Afterwards he lay staring at the ceiling clasping the warmth in his stomach and hearing the buzz of a blue-bottle on the window-pane and letting warm thoughts buzz through his head and being conscious of his own prodigious capabilities. All sorts of projects and conjectures flashed through his prodigiously capable mind. There was even a marriage ceremony at the back of it all, dim and warm, with music, great swelling organ music and a slender virgin of unsurpassable beauty who adored him.
He was lying like this when the noise of cars arriving disturbed him. He raised himself on his elbow, l
istening, and with great quickness he understood that people were coming. A look of delighted cunning flashed into his face. This was his chance, a great chance while the electricity was off.

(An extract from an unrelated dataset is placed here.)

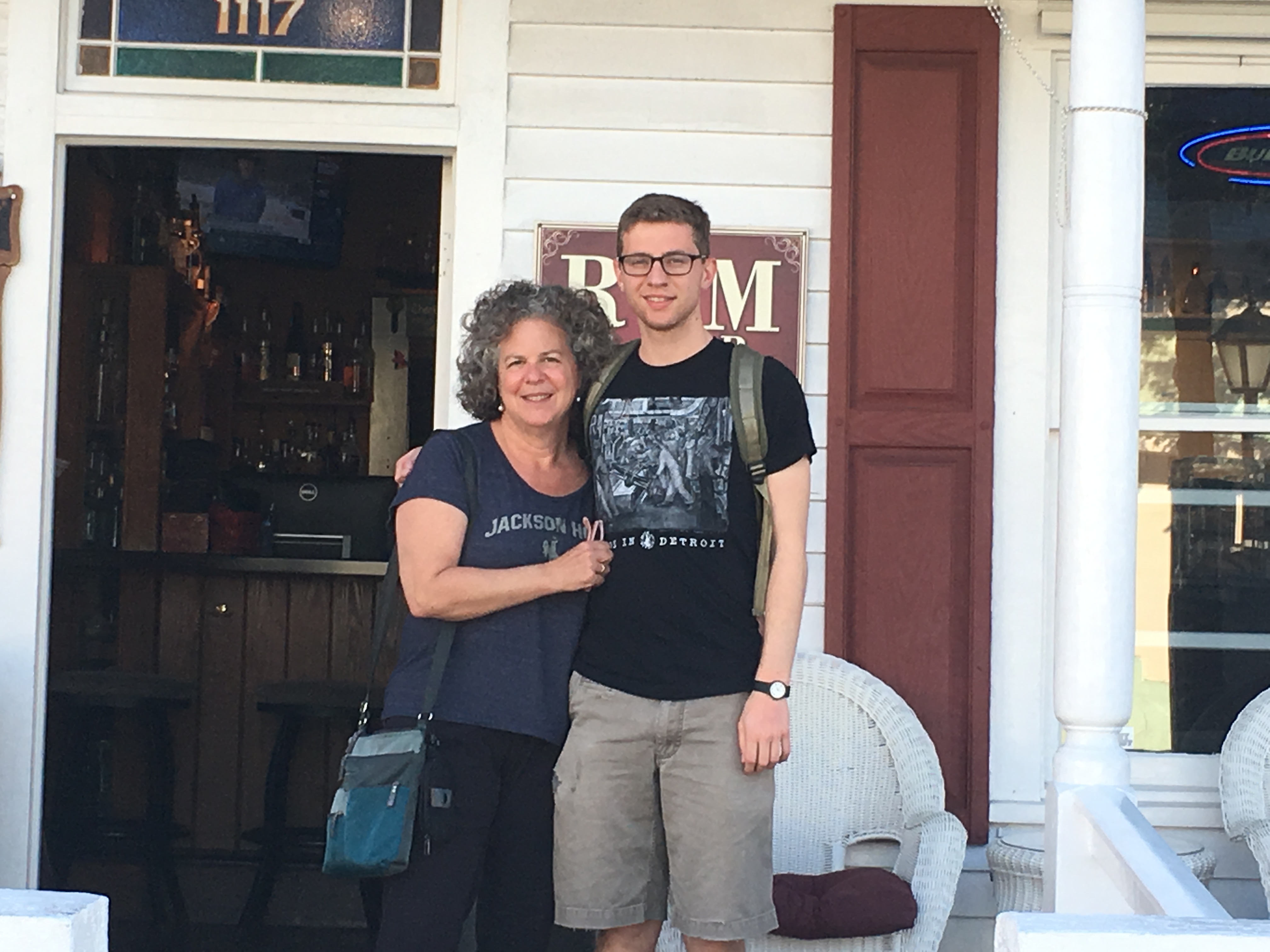 Back at The Speakeasy Inn, we tried some complimentary rum and fruit juice drinks. Not my thing ( I have stuck primarily to lemonade and limeade here, unlike most visitors, many of whom appeared drunk or buzzed as they walked by as as we sat on the front porch in white wicker chairs. EXcellent people watching, as promised.

He got up. It was not easy for him to get up, the movements were complicated and numerous, but with such prodigious capabilities nothing was impossible. He worked himself sideways upon his elbow and rolled off the bed. He fell with a bump in the kneeling position. He waited for a minute, listening to see if anybody had heard the bump. Good! No one had heard the bump. He crawled on his knees to the window and looked out of the window. One car, two cars; it was exciting now, he was enjoying himself, he wanted to laugh.